Im using Silver light 3 in vb.net Visual Studio 2008.

My web service had simply test functions a the moment including the standard 'Hello World' function.
I have referenced the web service no problem in Silver light but im really stuck how to return my 'hello world' function. Iv seen various examples on the net but im really stuck as to how to use them as the are in c#

here is my code iv got so far.....

Dim t As New ColonySL.ServiceReference1.ColonySLSoapClient
t.HelloWorldAsync()

but whatever i try will not return the simple 'hello world' string

had anybody got a simple example in vb?

Thanks

----------


## peteshir

Try putting a control such as a TextBlock on your form.
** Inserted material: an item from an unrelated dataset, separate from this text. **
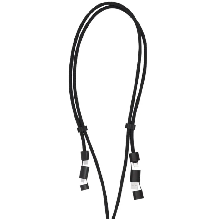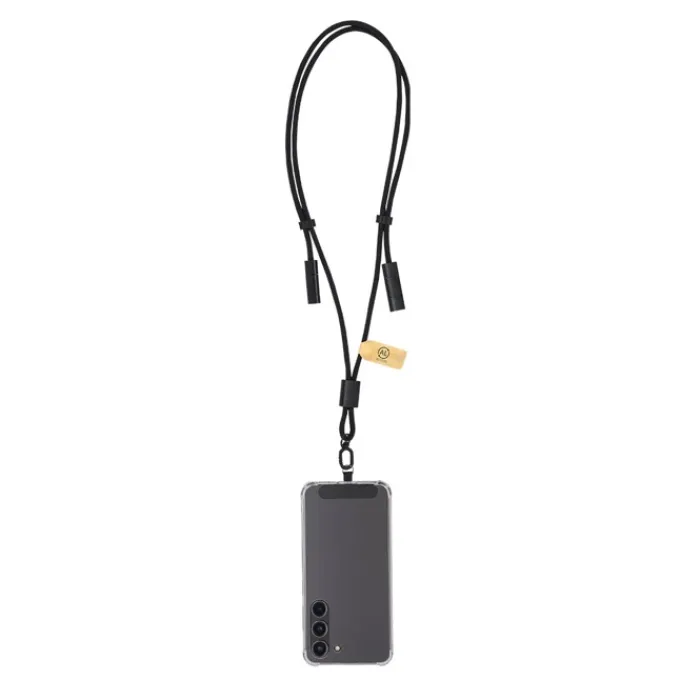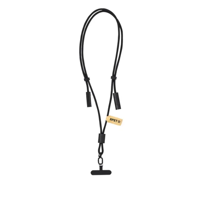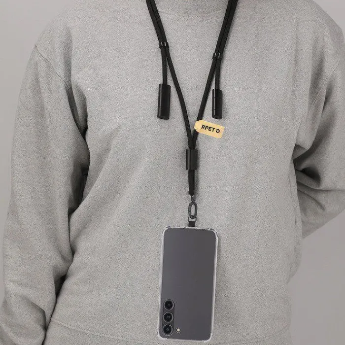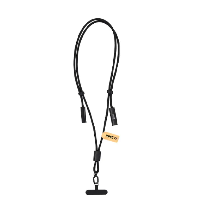 Innovativo lanyard con funzione di supporto e cavo caricatore, realizzato in una combinazione di poliestere RPET e alluminio riciclato. Progettato per essere facilmente posizionato tra la custodia e lo smartphone grazie al suo accessorio di trasporto. Include nastro coordinato, moschettone girevole in metallo nero e accessorio di sicurezza per il collo. Offre funzionalità di ricarica e trasferimento dati, con ingresso USB e di tipo C, e uscite Micro USB, Lightning e di tipo C. Presenta un distintivo di RPET su etichetta kraft, evidenziando il suo impegno sostenibile.Il materiale RPET è realizzato a partire da plastica riciclata, per così incoraggiare il riutilizzo dei rifiuti plastici e contribuire alla sostenibilità del pianeta.L’alluminio riciclato è un materiale con possibilità di riciclaggio quasi infinite, senza perdere le sue proprietà originali e consumando meno energia in questo processo.Certificazione GRS (Global Recycled Standard / Standard di Riciclaggio Globale), che garantisce l’origine riciclata del materiale usato per fabbricare il prodotto.

We can call it txt1 if you want.

Have to add a new procedure, We can call it "t_Completed. This is what the procedure should look like:

Public sub t_Completed(ByVal sender As Object, ByVal e As  t.Hello_WorldCompletedEventArgs)
         txt1.text=e.Result
end sub

Now we need an event handler to handle the completed event. After the line it should look like this:

Dim t As New ColonySL.ServiceReference1.ColonySLSoapClient
t.HelloWorldAsync()
        AddHandler t.Hello_WorldCompleted, AddressOf t_Completed

Now you can call your service with a 

t.Hello_World() 

When this is done you will see "Hello World" in your textbox.

I hope this works

----------